Upload the model to OSS

Create an OSS bucket in the same region where you plan to deploy the confidential computing cluster. Create a directory such as oss://examplebucket/qwen-encrypted/ to store the encrypted model. For setup instructions, see Get started with OSS.

Because model files are large, use ossbrowser to upload the ~/mount/cipher directory to OSS.

Step 2: Deploy the Trustee remote attestation service

Following the zero trust principle, every confidential computing environment must pass verification before gaining access to sensitive resources such as model decryption keys. Trustee acts as the root of trust: it verifies the runtime environment and distributes keys only after successful attestation.

Important

Deploy Trustee on a standalone server outside the ACK cluster. The Trustee owner must maintain full control over the deployment environment—if a cloud provider controls the host, the trust guarantee is weakened.

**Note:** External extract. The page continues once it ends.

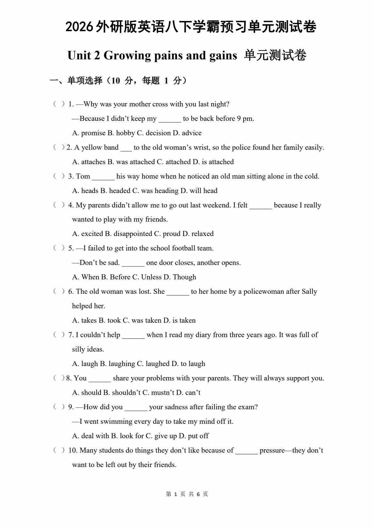 Unit 2 Growing pains and gains (单元自测·基础卷)(试题版A4)
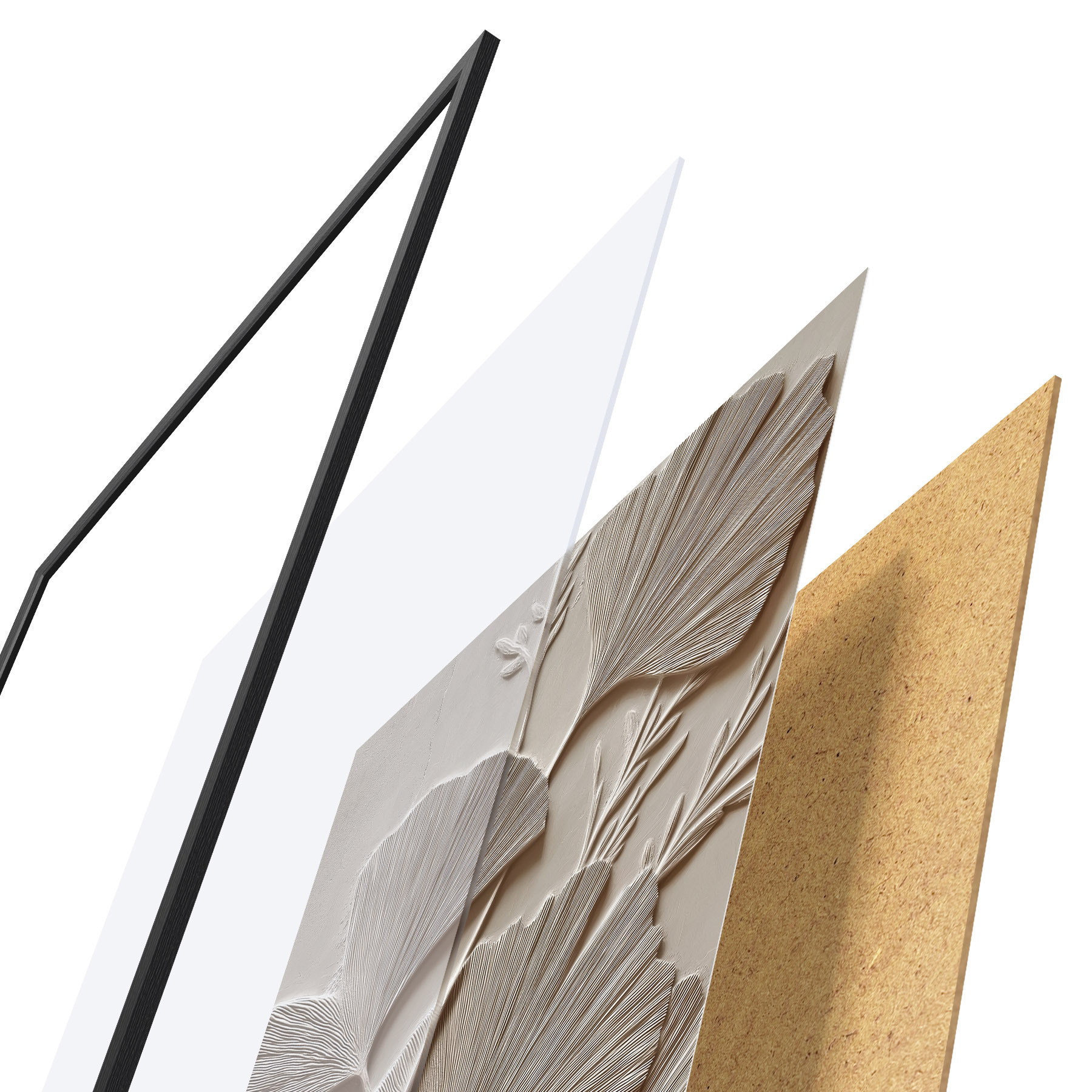 Das Poster besteht aus einem Rahmen, Plexiglas, einem gedruckten Bild und einer Rückwand aus Spanplatten. Dank der Halterungen auf der Rückseite kann das Poster sofort an die Wand gehängt werden.

Choose a deployment option

Option Description When to use
ECS instance Create an ECS instance in the same VPC as the ACK cluster to run Trustee Standard production deployments requiring efficient private network communication
On-premises server Deploy Trustee in your own data center, connected to the cloud VPC via a leased line or VPN High-security scenarios where you require full control over the root-of-trust environment

Before proceeding, make sure the Trustee server has public network access and that port 8081 is open.

Install and start Trustee

Trustee is packaged in RPM format and available in the official yum repositories for Alibaba Cloud Linux 3.x and Anolis OS 8.x and later. After installation, systemd manages the service automatically.

  1. Install Trustee:

    For production deployments, configure HTTPS for the Trustee service.
    yum install trustee-1.5.2

    Trustee starts automatically and listens on port 8081. Access it at http://<trustee-ip>:8081/api, where <trustee-ip> is the IP address of the Trustee server.

  2. Verify that all service components are healthy. Install the jq tool first if needed (sudo yum install -y jq).

    # Replace <trustee-ip> with the Trustee server IP address
    curl http://<trustee-ip>:8081/api/services-health | jq

    All four components should show "status": "ok":

    {
      "gateway": {
        "status": "ok",
        "timestamp": "2025-08-26T13:46:13+08:00"
      },
      "kbs": {
        "status": "ok",
        "timestamp": "2025-08-26T13:46:13+08:00"
      },
      "as": {
        "status": "ok",
        "timestamp": "2025-08-26T13:46:13+08:00"
      },
      "rvps": {
        "status": "ok",
        "timestamp": "2025-08-26T13:46:13+08:00"
      }
    }

Expand to view common Trustee service management commands

The Trustee service is managed by systemd:

  • Start: systemctl start trustee

  • Stop: systemctl stop trustee

  • Restart: systemctl restart trustee

  • Check status: systemctl status trustee

Import the model decryption key

After Trustee is running, import the model decryption key. Trustee maps file paths to key IDs, so the key you store at a given path is addressable by a corresponding URI.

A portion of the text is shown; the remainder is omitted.